The definition for \< / \> differs between less, perlre, pcre, … I believe, but they all are somewhat simiar.

@rl_dane @amin @kabel42 @sotolf @thedoctor perlre(1) actually has…

A word boundary ("\b") is a spot between two characters that has a "\w" on one side of it and a "\W" on the other side of it (in either order), counting the imaginary characters off the beginning and end of the string as matching a "\W".

… so the \< probably comes from less(1)?

… hm, no. But, where then?

@mirabilos @amin @kabel42 @sotolf @thedoctor

I used to use \b a lot, but \< and \> are just as easy to use, and POSIX. ;)

\w is nice, though. I think the closest POSIX one is [[:graph:]]? (Not super close, though)

@rl_dane @amin @kabel42 @sotolf @thedoctor \< and \> are not POSIX.

perlre(1) \w is identical to POSIX [a-zA-Z0-9_] in the C locale, so [[:alnum:]_] if you have support for POSIX character classes.

@mirabilos @amin @kabel42 @sotolf @thedoctor

Ah, yes. [[:alnum:]] was the one I was thinking of.

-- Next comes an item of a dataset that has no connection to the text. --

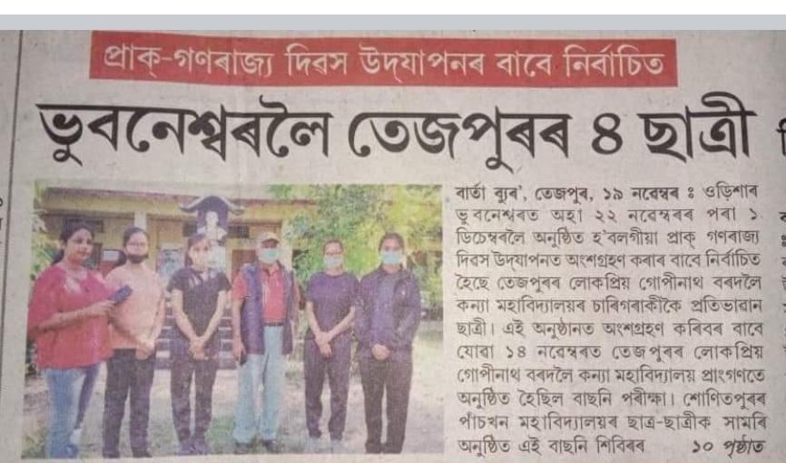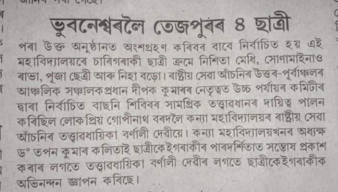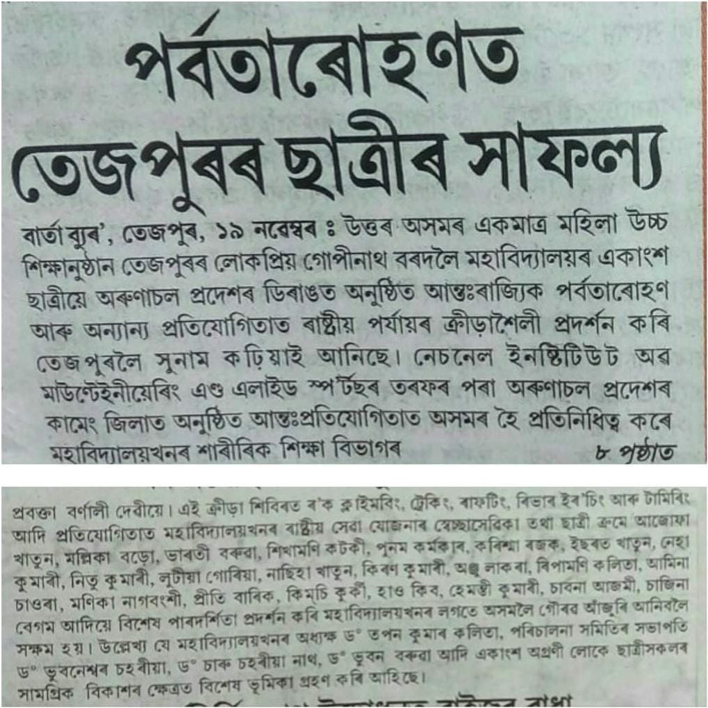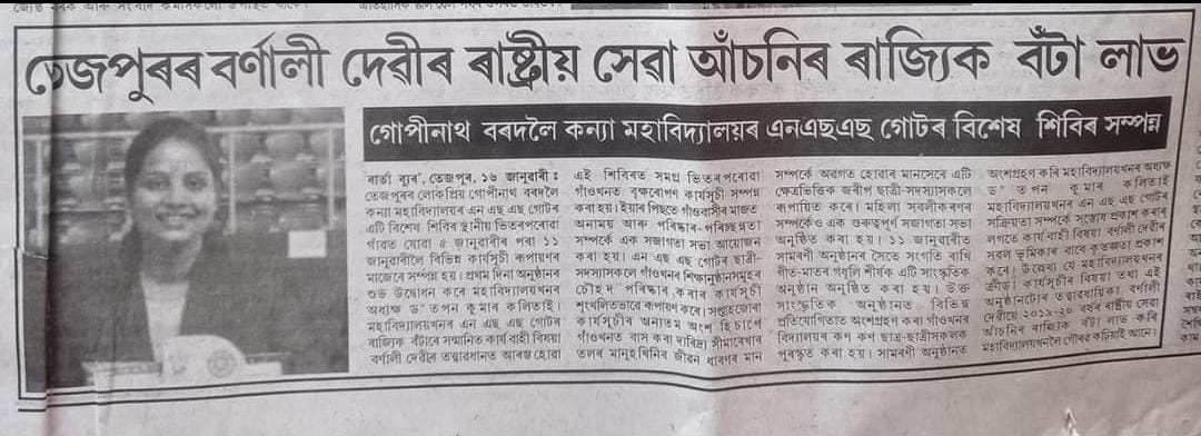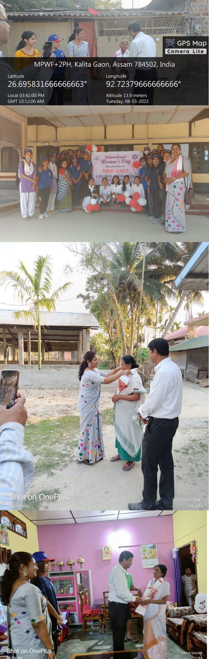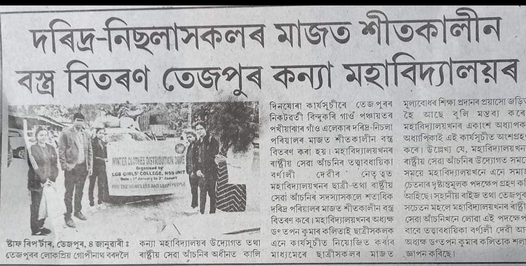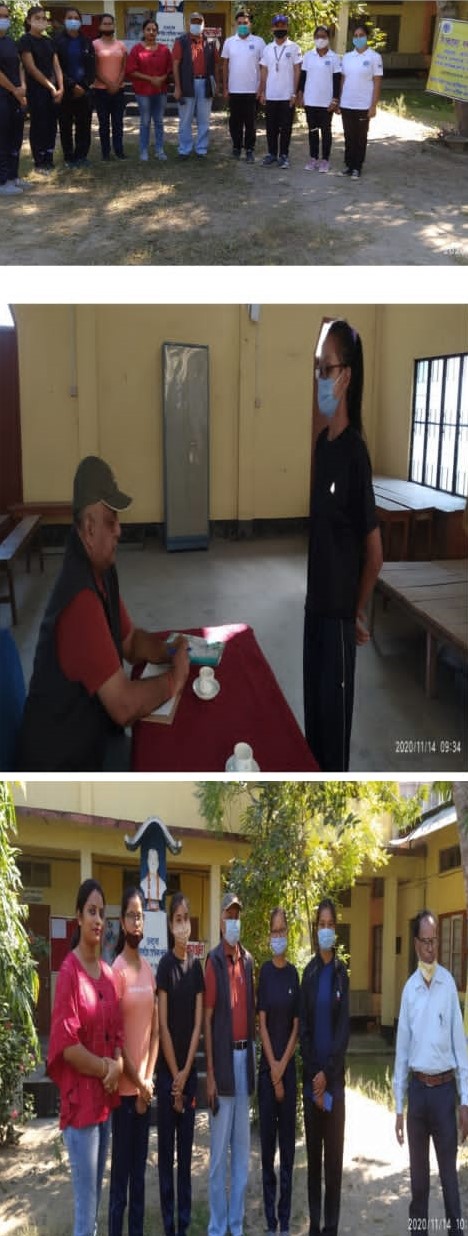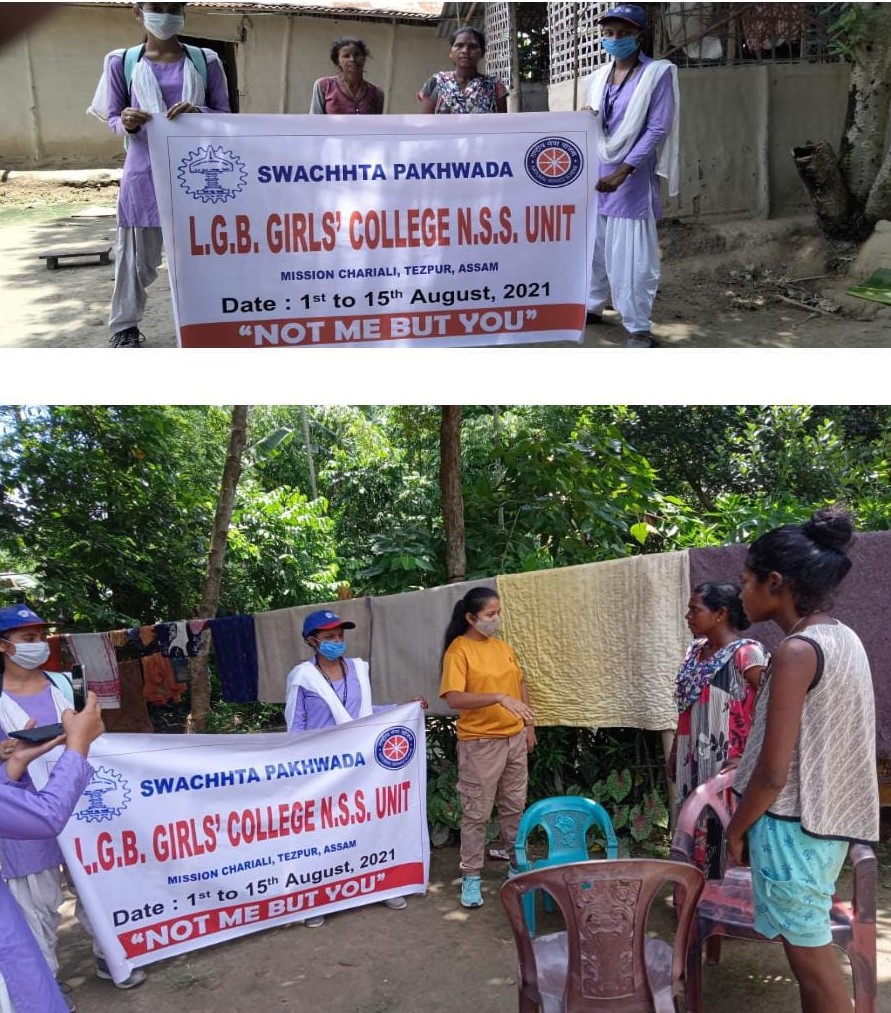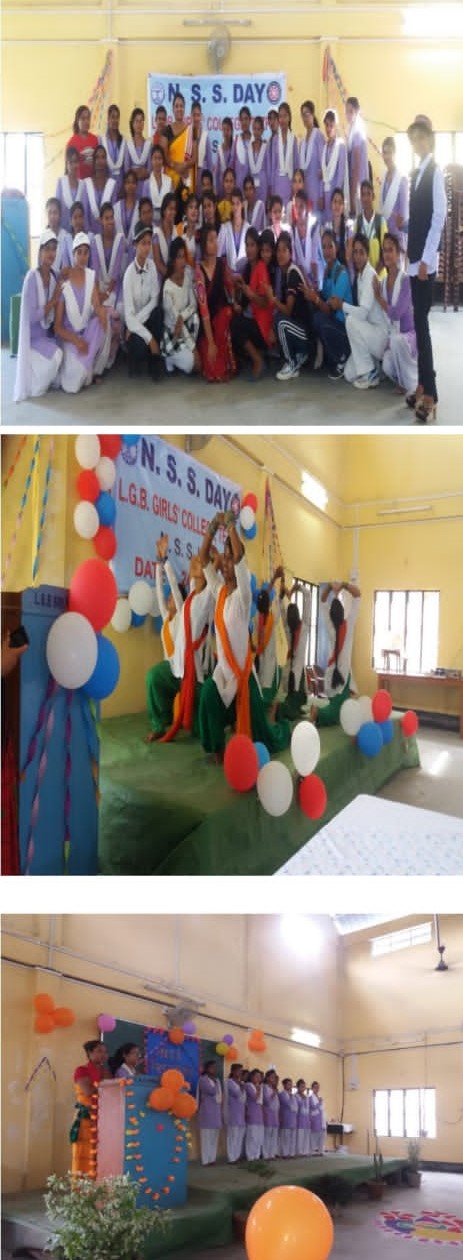 About National Service Scheme (NSS): L.G.B. Girls' College has a full fledged and active National Service Scheme Unit under the guidance of Programme Officer, Mrs Barnali Devi. Interested students can enroll themselves and render their service to the College as well as to the society. The NSS of our college has organized and attended several camping programmes, training courses and orientation programmes. The NSS unit of our college participated in the "Biswa Bharati University Mega Camp" held in Rajasthan from 05.09.2014 to 16.09.2014 and won the 'Best Management Award'. The NSS Unit of our college also won the Best Management Award, Best Discipline Award and Best Cultural Award in the "North East NSS Festival" held in NERIST University from 05.06.2015 to 13.06.2015, Itanagar. They also participated in the "Dirang Adventure Camp" and availed the national coaching programmes on Mountaineering, River Crossing, Rock Climbing, Trekking, Jumaring and Rappelling and received certificates. They were adjudged as the 'Disciplined Team' in the "Youth Exchange and Home Stay Programme" organized in Goa from 08.12.2015 to 28.12.2015. They received the Best Cultural Programme award in "The North East NSS Festival" held in Aizwal, Mizoram from 17.09.2016 to 24.09.2016. The NSS Unit of our college also successfully participated and completed the Adventure International Coaching Camp and Special Camp organized in different places in the year 2014, 2015 and 2016.

@mirabilos @amin @kabel42 @sotolf @thedoctor

Waiiiiit, what does the underscore before the second bracket do? I've never seen that before.

No mention of it in RE_FORMAT(7) on FreeBSD.

@rl_dane @amin @kabel42 @sotolf @thedoctor the exact same thing as the underscore in [a-zA-Z0-9_], and I’d be surprised if the FreeBSD manpage would not document it

@rl_dane @amin @kabel42 @sotolf @thedoctor let me blow your mind if that was news to you:

[[:alpha:][:digit:]_]

@mirabilos @rl_dane @amin @sotolf @thedoctor yay context sensitive [], there is no way that can go wrong \s
@kabel42 @rl_dane @amin @sotolf @thedoctor it’s actually not, the first unescaped [ switches from RE context to RE-Bracket context in the bracket-begin state, in which you can have an optional ^ (except in shellglobs where it is spelt !), then an optional ] not taken as the end of the RE-Bracket, then an optional -, then any amount of expressions of the type a-z, [:charclass:], [=equivalenceclass=], x, then an optional -, then a closing ] which terminates the RE-Bracket context.
@kabel42 @rl_dane @amin @sotolf @thedoctor (I erred: you can have either the ] or the - at the beginning, not both)
@kabel42 @rl_dane @amin @sotolf @thedoctor (and I forgot collating elements, which is totally fucked up, [a[.ch.]] in e.g. es_ES.UTF-8 matches either a or ch, so a bracket expression in POSIX has a variable matching length…)
@kabel42 @rl_dane @amin @sotolf @thedoctor these are rare-to-never-used features, thankfully
@kabel42 @rl_dane @amin @sotolf @thedoctor tbh the only time I use something other than simple chars and ranges in bracket expressions is the BSD [[:<:]] and [[:>:]] extension (which matches a zero-length string)
@kabel42 @rl_dane @amin @sotolf @thedoctor no, the zero-length string between a nōn-word‑ and a word character

@kabel42 @mirabilos @amin @sotolf @thedoctor

Basically spaces and punctuation.

@rl_dane @kabel42 @amin @sotolf @thedoctor no, literally [^a-zA-Z0-9_]
@mirabilos @rl_dane @amin @sotolf @thedoctor and ^ here is negation?
@kabel42 @rl_dane @amin @sotolf @thedoctor no, [^char-class] matches “any single character, other than newline, not in char-class”
@mirabilos @rl_dane @amin @sotolf @thedoctor yeah, basically what i meant except for the newline maybe

@kabel42 @rl_dane @amin @sotolf @thedoctor yea, I’m just pedantic.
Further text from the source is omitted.